Homer B. Alienson est un jeune homme qui habite Aberdeen, une ville de bûcherons pluvieuse, triste et sans avenir. Enfant, il est traumatisé par la vision du film Body Snatchers (L'Invasion des profanateurs de sépultures, en français). Il s'aperçoit que les personnes qui composent son entourage sont comme les voleurs de corps du film : ils sont autres, étrangers. Depuis lors il ne dort plus ; plus une minute... jusqu'à sa rencontre, à l'âge adulte et alors qu'il subsiste grâce à la revente de vieux jouets des années 60 encore emballés qu'il faisait acheter à sa mère en double, avec un certain Kurt, un gars comme lui, un peu perdu qui dit vivre sous un pont, mais surtout qui n'est pas un des autres. Les deux hommes sympathisent et Kurt partage avec Homer, qu'il appelle par son second prénom, Boda, le secret de la poudre blanche qui l'aide à supporter son quotidien et ses maux de ventres. Une nouvelle vie va alors commencer pour Homer, une vie dans laquelle il va retrouver le sommeil et peut-être l'amour.

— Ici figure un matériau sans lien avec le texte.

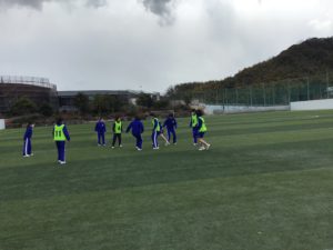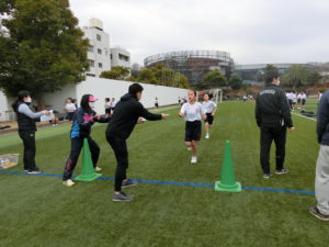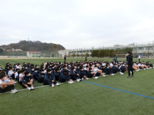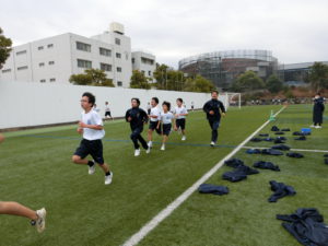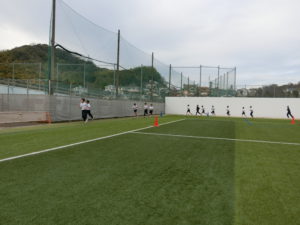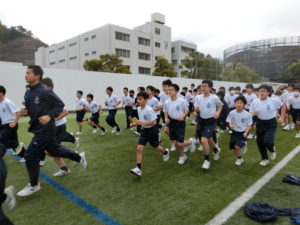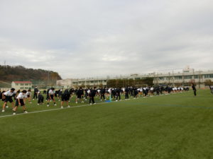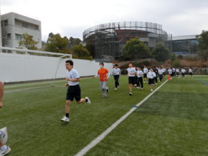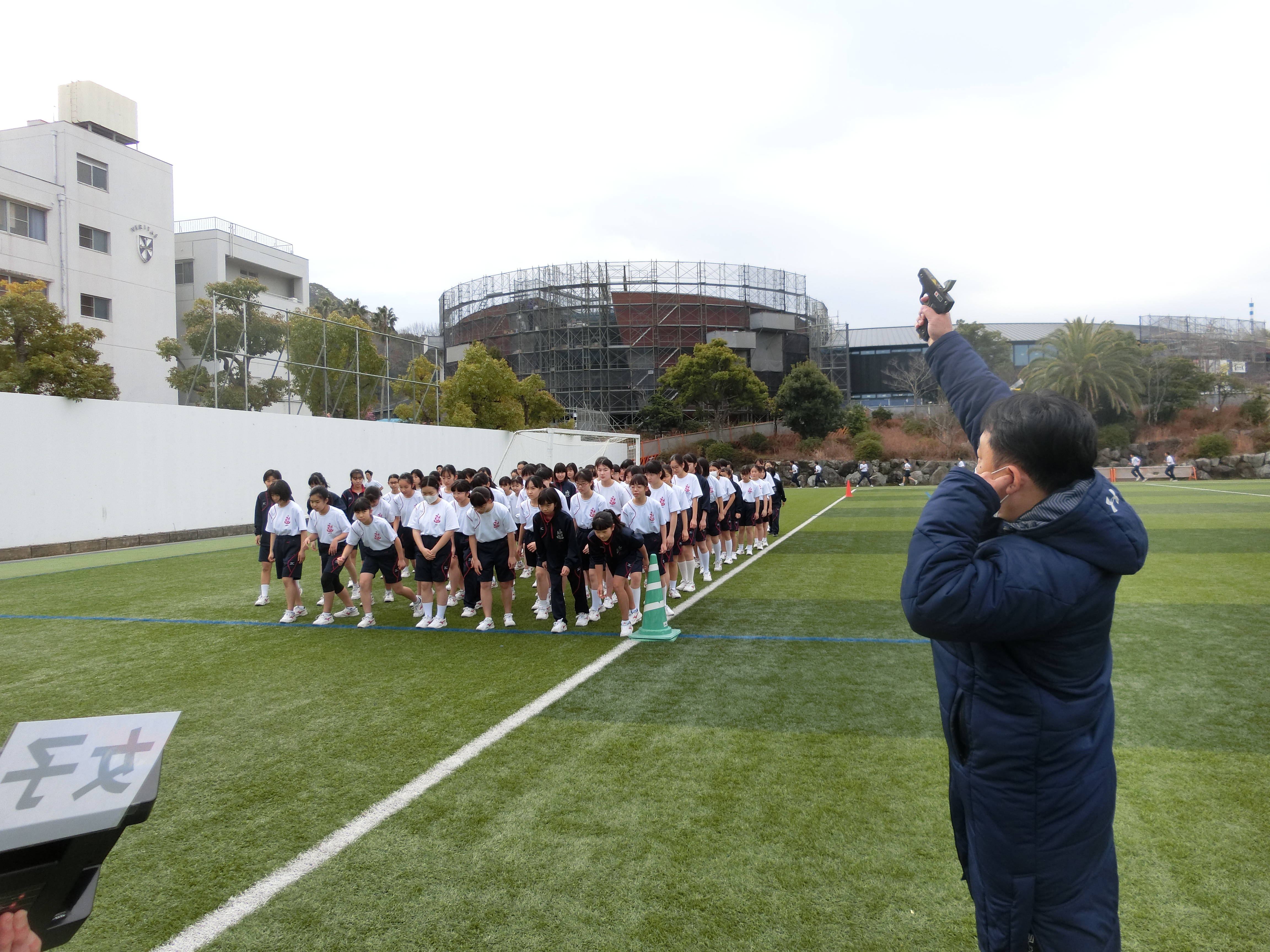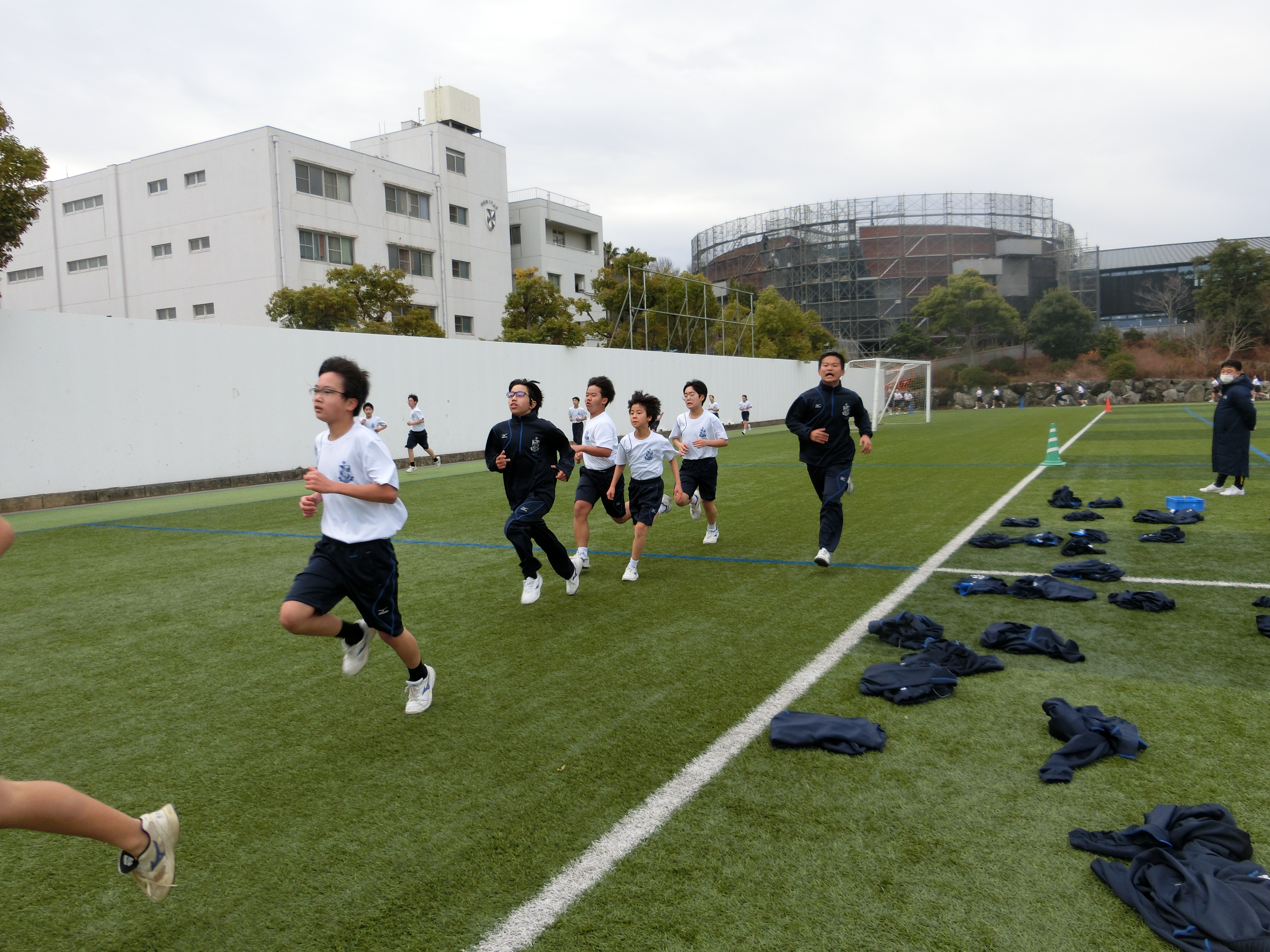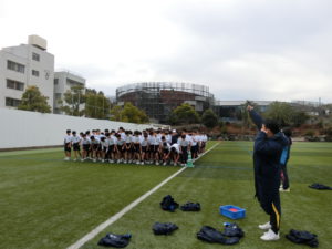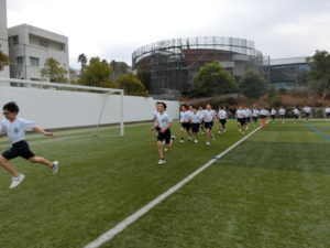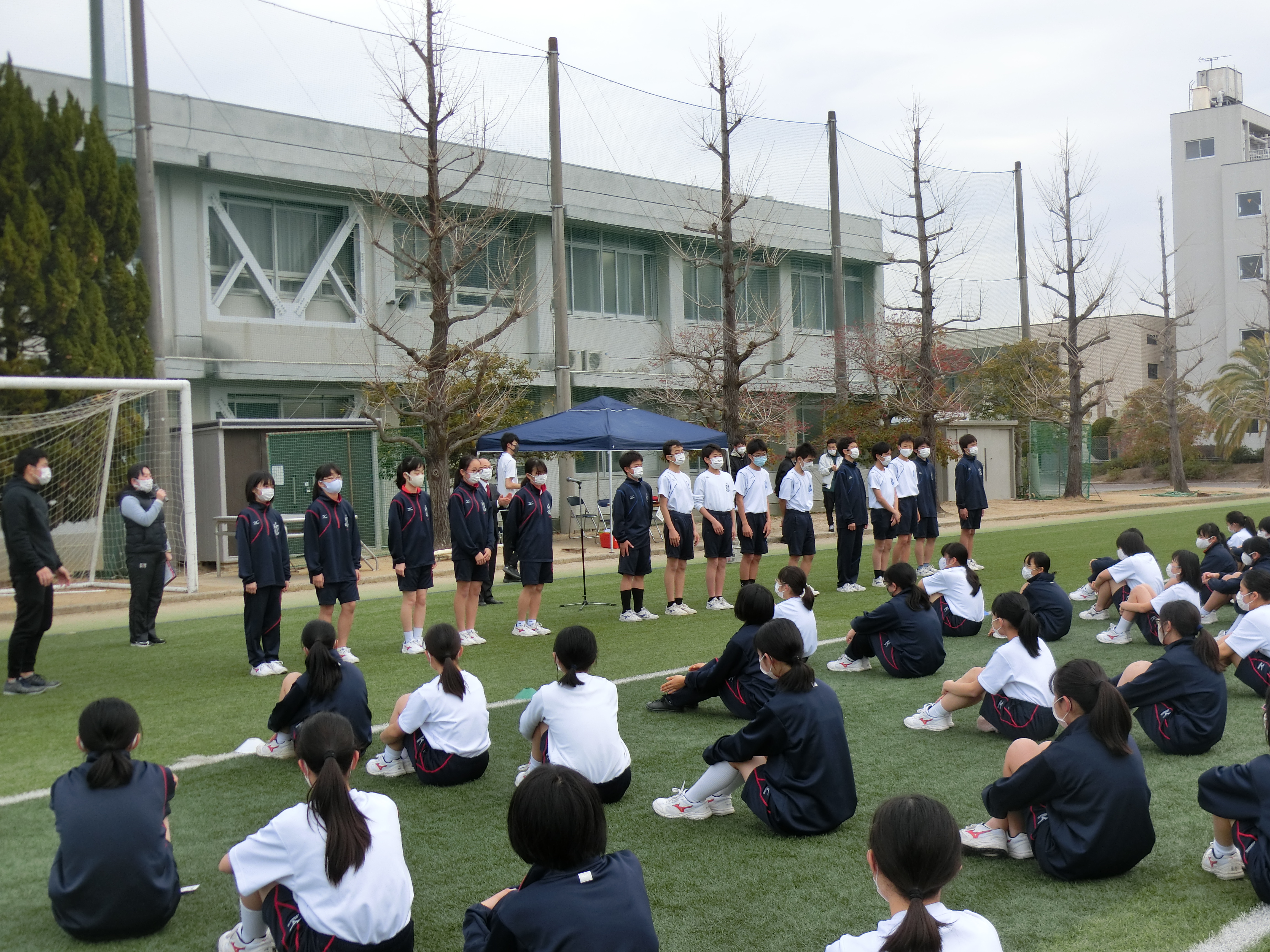 5時間目の中3女子の体育は、強風+小雪が舞い散る中、サッカーを元気に行いました。

Voici un livre écrit dans un style étrange, qui correspond au comportement de son personnage : froid, dénué d'émotions réellement palpables et jouant en même temps sur une certaine proximité, voire naïveté. Pincio axe son récit autour de son personnage principal original et traite ainsi son sujet d'une façon détournée. Car si celui dont on suit les pas s'appelle Homer B. Alienson, c'est bien de Kurt qu'il s'agit, ce chanteur de rock dont le nom n'est jamais cité (à part sur le racoleur bandeau de couverture, mais c'est de bonne guerre). C'est Kurt qui imprègne le livre en filigrane et dont on suit les traces grâce à quelques repères que les amateurs reconnaîtront. C'est son histoire qui est racontée par le biais de celle de Homer et ce n'est sans doute pas un hasard si Kurt appelle son ami comme il appelait son compagnon d'enfance imaginaire : Boda. On en vient vite à supposer que l'existence du personnage principal est doublement fictive : d'abord en tant que protagoniste de roman et ensuite comme personnage issu de l'imagination de Kurt dans le livre. Le jeu sur le statut des deux personnages est un des éléments les plus intéressants du livre. Le reste ne l'est guère. On ne s'ennuie pas, mais le climat absurdement sombre n'aide pas à véritablement pénétrer dans le livre. La tentative de description du malaise adolescent passe complètement à côté du sujet. Impossible de s'y reconnaître, ce qui était pourtant le cas de millions de jeunes gens avec les chansons de Nirvana. Même la vision que donne l'auteur de Kurt Cobain peut apparaître comme caricaturale par moment. On voit que Pincio connaît son sujet, mais on ne sent pas vivre et respirer son Cobain. On effleure les possibilités et on a l'impression de passer à côté de ce qui aurait pu être un meilleur roman.
Un Amour d'outremonde finit par laisser une impression de gâchis lorsqu'on se prend à rêver de ce qu'un autre auteur aurait pu faire avec le même matériau. La quatrième de couverture nous apprend que Pincio est le Pynchon italien. Après avoir refermé son roman, on se dit qu'il en est encore loin.